Try it:
Each record below must be retyped exactly, with nothing left out.

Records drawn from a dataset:
※
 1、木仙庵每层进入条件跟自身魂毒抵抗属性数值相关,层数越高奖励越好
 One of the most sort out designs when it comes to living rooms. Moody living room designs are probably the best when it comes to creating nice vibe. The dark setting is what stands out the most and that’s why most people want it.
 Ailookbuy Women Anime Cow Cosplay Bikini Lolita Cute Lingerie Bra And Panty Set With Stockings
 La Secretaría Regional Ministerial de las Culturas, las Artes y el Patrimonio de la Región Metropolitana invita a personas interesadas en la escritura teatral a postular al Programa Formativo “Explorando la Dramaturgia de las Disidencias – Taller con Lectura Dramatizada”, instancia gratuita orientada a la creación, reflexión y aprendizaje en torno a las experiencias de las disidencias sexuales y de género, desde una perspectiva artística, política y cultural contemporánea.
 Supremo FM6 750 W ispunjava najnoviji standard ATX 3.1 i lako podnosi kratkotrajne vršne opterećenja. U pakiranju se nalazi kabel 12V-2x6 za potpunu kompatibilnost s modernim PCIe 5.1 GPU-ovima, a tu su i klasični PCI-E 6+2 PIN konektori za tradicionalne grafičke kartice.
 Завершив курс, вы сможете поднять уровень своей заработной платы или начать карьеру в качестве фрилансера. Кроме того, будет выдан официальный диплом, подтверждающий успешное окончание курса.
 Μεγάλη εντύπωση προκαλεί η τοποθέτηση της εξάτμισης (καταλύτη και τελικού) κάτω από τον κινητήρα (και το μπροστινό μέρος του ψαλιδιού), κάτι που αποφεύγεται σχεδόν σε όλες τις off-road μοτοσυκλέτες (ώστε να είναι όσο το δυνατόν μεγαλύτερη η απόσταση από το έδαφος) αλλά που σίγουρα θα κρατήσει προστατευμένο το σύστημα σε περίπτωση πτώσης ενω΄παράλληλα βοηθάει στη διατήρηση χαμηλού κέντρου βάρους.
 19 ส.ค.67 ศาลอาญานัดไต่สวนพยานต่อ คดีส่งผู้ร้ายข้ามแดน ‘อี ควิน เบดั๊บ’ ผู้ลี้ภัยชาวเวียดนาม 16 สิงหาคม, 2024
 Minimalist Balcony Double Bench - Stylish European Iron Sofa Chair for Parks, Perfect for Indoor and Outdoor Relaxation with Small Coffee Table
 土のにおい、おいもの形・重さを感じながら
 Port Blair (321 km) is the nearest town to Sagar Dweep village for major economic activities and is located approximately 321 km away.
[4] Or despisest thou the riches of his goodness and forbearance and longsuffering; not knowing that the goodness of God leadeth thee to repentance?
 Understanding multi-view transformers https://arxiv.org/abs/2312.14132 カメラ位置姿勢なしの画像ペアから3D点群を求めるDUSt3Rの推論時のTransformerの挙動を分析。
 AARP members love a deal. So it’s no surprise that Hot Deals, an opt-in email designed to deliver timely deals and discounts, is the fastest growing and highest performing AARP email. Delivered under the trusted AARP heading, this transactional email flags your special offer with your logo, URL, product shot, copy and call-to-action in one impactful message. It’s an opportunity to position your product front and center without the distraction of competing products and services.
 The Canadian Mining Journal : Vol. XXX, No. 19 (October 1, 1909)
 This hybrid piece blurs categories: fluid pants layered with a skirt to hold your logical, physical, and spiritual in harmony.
※
Result of this task:
 1、木仙庵每层进入条件跟自身魂毒抵抗属性数值相关,层数越高奖励越好
 One of the most sort out designs when it comes to living rooms. Moody living room designs are probably the best when it comes to creating nice vibe. The dark setting is what stands out the most and that’s why most people want it.
 Ailookbuy Women Anime Cow Cosplay Bikini Lolita Cute Lingerie Bra And Panty Set With Stockings
 La Secretaría Regional Ministerial de las Culturas, las Artes y el Patrimonio de la Región Metropolitana invita a personas interesadas en la escritura teatral a postular al Programa Formativo “Explorando la Dramaturgia de las Disidencias – Taller con Lectura Dramatizada”, instancia gratuita orientada a la creación, reflexión y aprendizaje en torno a las experiencias de las disidencias sexuales y de género, desde una perspectiva artística, política y cultural contemporánea.
 Supremo FM6 750 W ispunjava najnoviji standard ATX 3.1 i lako podnosi kratkotrajne vršne opterećenja. U pakiranju se nalazi kabel 12V-2x6 za potpunu kompatibilnost s modernim PCIe 5.1 GPU-ovima, a tu su i klasični PCI-E 6+2 PIN konektori za tradicionalne grafičke kartice.
 Завершив курс, вы сможете поднять уровень своей заработной платы или начать карьеру в качестве фрилансера. Кроме того, будет выдан официальный диплом, подтверждающий успешное окончание курса.
 Μεγάλη εντύπωση προκαλεί η τοποθέτηση της εξάτμισης (καταλύτη και τελικού) κάτω από τον κινητήρα (και το μπροστινό μέρος του ψαλιδιού), κάτι που αποφεύγεται σχεδόν σε όλες τις off-road μοτοσυκλέτες (ώστε να είναι όσο το δυνατόν μεγαλύτερη η απόσταση από το έδαφος) αλλά που σίγουρα θα κρατήσει προστατευμένο το σύστημα σε περίπτωση πτώσης ενω΄παράλληλα βοηθάει στη διατήρηση χαμηλού κέντρου βάρους.
 19 ส.ค.67 ศาลอาญานัดไต่สวนพยานต่อ คดีส่งผู้ร้ายข้ามแดน ‘อี ควิน เบดั๊บ’ ผู้ลี้ภัยชาวเวียดนาม 16 สิงหาคม, 2024
 Minimalist Balcony Double Bench - Stylish European Iron Sofa Chair for Parks, Perfect for Indoor and Outdoor Relaxation with Small Coffee Table
 土のにおい、おいもの形・重さを感じながら
 Port Blair (321 km) is the nearest town to Sagar Dweep village for major economic activities and is located approximately 321 km away.
[4] Or despisest thou the riches of his goodness and forbearance and longsuffering; not knowing that the goodness of God leadeth thee to repentance?
 Understanding multi-view transformers https://arxiv.org/abs/2312.14132 カメラ位置姿勢なしの画像ペアから3D点群を求めるDUSt3Rの推論時のTransformerの挙動を分析。
 AARP members love a deal. So it’s no surprise that Hot Deals, an opt-in email designed to deliver timely deals and discounts, is the fastest growing and highest performing AARP email. Delivered under the trusted AARP heading, this transactional email flags your special offer with your logo, URL, product shot, copy and call-to-action in one impactful message. It’s an opportunity to position your product front and center without the distraction of competing products and services.
 The Canadian Mining Journal : Vol. XXX, No. 19 (October 1, 1909)
 This hybrid piece blurs categories: fluid pants layered with a skirt to hold your logical, physical, and spiritual in harmony.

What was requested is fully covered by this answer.